>>

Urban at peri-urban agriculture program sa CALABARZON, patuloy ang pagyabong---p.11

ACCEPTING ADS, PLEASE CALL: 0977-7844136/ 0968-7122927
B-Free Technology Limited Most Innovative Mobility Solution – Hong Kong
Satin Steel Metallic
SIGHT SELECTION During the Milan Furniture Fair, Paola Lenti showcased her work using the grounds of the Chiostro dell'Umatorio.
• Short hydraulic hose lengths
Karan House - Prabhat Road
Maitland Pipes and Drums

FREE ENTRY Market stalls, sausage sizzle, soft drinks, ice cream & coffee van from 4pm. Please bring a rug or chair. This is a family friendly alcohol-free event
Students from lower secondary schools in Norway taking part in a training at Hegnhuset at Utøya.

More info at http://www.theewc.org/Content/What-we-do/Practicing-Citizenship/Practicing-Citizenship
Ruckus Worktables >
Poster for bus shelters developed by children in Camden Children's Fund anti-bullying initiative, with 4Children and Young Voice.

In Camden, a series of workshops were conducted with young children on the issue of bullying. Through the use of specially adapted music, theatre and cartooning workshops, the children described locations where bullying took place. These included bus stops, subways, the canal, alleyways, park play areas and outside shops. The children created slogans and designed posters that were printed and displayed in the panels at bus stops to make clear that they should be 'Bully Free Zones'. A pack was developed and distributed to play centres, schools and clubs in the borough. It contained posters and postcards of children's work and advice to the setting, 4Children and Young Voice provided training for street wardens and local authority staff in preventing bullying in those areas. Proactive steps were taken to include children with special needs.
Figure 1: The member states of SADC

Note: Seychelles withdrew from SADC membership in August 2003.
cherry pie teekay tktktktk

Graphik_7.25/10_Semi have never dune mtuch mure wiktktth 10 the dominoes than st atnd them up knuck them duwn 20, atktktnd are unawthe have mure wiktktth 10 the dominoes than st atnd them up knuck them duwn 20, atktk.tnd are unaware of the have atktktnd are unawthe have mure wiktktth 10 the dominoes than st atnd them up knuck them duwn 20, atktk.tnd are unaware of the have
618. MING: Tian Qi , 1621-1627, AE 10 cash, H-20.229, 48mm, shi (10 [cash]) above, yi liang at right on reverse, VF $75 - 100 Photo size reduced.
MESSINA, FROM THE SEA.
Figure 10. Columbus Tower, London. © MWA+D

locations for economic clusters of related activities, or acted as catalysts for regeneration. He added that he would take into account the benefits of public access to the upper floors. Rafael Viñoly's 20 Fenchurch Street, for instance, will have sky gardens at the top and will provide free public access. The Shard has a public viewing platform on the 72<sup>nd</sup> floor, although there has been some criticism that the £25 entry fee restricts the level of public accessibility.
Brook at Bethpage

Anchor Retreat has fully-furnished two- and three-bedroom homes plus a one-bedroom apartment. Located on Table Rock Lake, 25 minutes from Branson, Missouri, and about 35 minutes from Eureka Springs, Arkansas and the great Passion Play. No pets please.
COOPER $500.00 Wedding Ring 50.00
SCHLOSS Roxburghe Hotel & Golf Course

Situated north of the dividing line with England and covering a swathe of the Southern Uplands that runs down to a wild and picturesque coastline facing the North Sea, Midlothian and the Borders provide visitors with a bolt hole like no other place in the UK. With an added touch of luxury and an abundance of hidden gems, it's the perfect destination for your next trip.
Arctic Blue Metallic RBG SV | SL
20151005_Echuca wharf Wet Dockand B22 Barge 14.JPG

<<

*BRIEF:* Include both ends. Return the line holding "Situated north of" and all lines after it in the records above, exactly as written.

*WRITTEN REPLY:*
Situated north of the dividing line with England and covering a swathe of the Southern Uplands that runs down to a wild and picturesque coastline facing the North Sea, Midlothian and the Borders provide visitors with a bolt hole like no other place in the UK. With an added touch of luxury and an abundance of hidden gems, it's the perfect destination for your next trip.
Arctic Blue Metallic RBG SV | SL
20151005_Echuca wharf Wet Dockand B22 Barge 14.JPG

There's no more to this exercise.